A vector is a quantity that describes not only the magnitude of an object but also its movement or position with respect to another point or object. It is sometimes referred to as a Euclidean vector, a geometric vector, or a spatial vector.

To find the coordinates of the vector AT in the given base, we first need to find the coordinates of the vectors AB and AC. Let's start by finding the coordinates of vector AB.

Since we know the coordinates of points A and B, we can find the vector AB by subtracting the coordinates of point A from the coordinates of point B:

AB = B - A = (-1, 4) - (0, 0) = (-1, 4)

Similarly, we can find the coordinates of vector AC:

AC = C - A = (5/8, 0) - (0, 0) = (5/8, 0)

Now, let's find the coordinates of the vector AT. To do this, we first need to find the coordinates of point T. We can use the method of intersecting lines to find the coordinates of T.

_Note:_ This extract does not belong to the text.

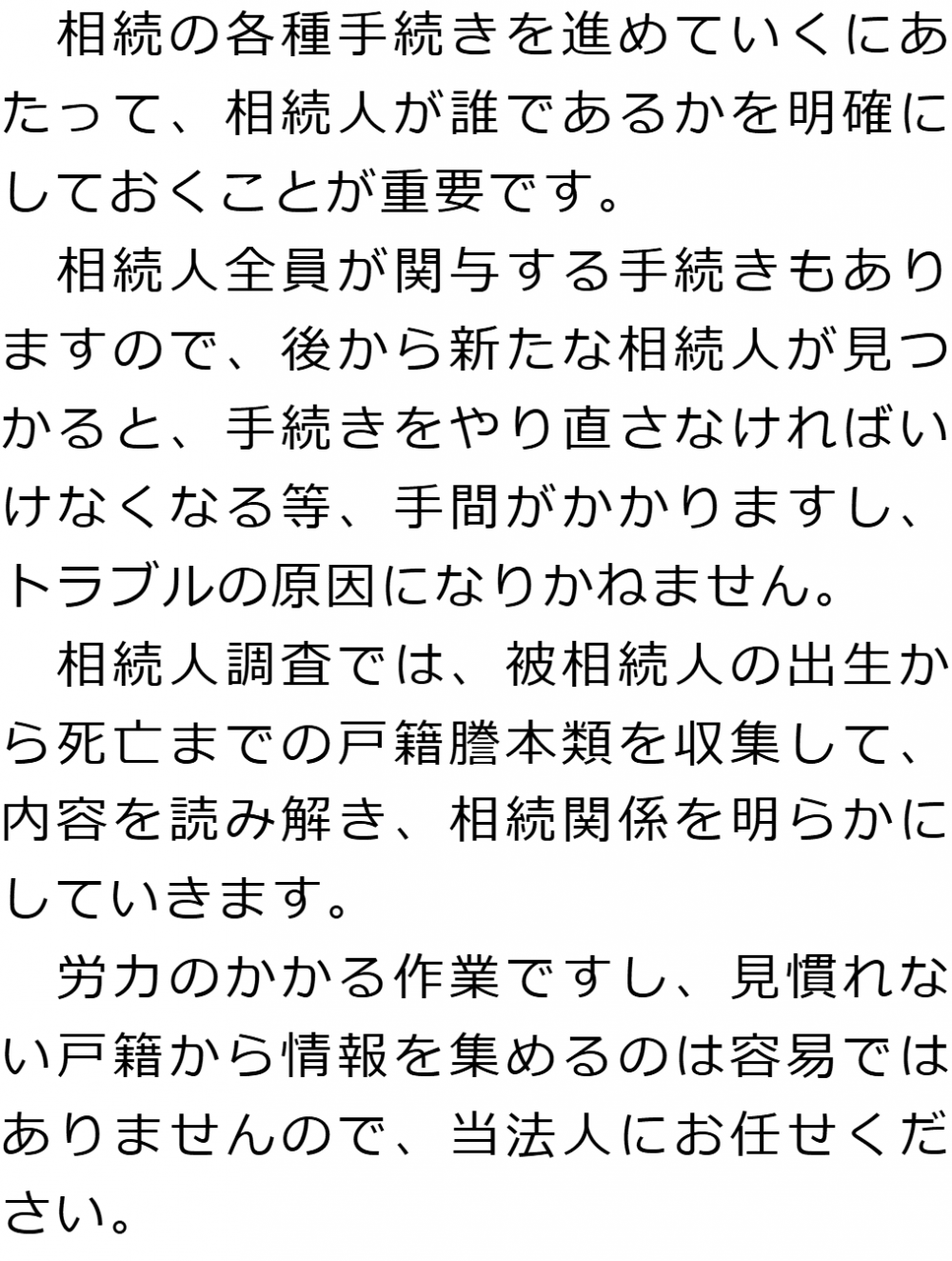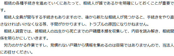 トップ業務内容相続人調査 階層構造▼ 業務内容(目次) 相続人調査 業務内容(目次)業務内容トップ行政書士法人心の業務内容遺言遺産整理相続人調査相続財産調査遺産分割協議書の作成預金・貯金の解約・名義変更証券口座の解約・名義変更自動車の名義変更心グループのその他の業務内容家族信託・民事信託節税対策事業承継遺言の検認相続放棄限定承認遺産分割遺留分侵害額請求相続登記相続税申告相続税調査 受付時間 平日 9時~21時、土日祝 9時~18時 夜間・土日祝の相談も対応します (要予約) 所在地 〒272-0023 千葉県市川市南八幡4-8-9ニューグリーンビル5F 0120-2403-39 お問合せ・アクセス・地図

The equation of the line BB' can be written as:

BB': (y - 4x) = 4(4 - x)

Simplifying this equation, we get:

BB': y = -4x + 20

Similarly, the equation of line CC' can be written as:

CC': (y - 5x/3) = 3x/5

Simplifying this equation, we get:

CC': y = (3/5)x + 5/3

To find the coordinates of point T, we need to solve the system of equations formed by the two equations above. Solving for x and y, we get:

x = 8/7

y = 12/7

Therefore, the coordinates of point T are (8/7, 12/7). Now, to find the coordinates of vector AT, we can use the following formula:

AT = T - A

Substituting the coordinates of A and T, we get:

AT = (8/7, 12/7) - (0, 0) = (8/7, 12/7)

Therefore, the coordinates of vector AT in the given base are (8/7, 12/7).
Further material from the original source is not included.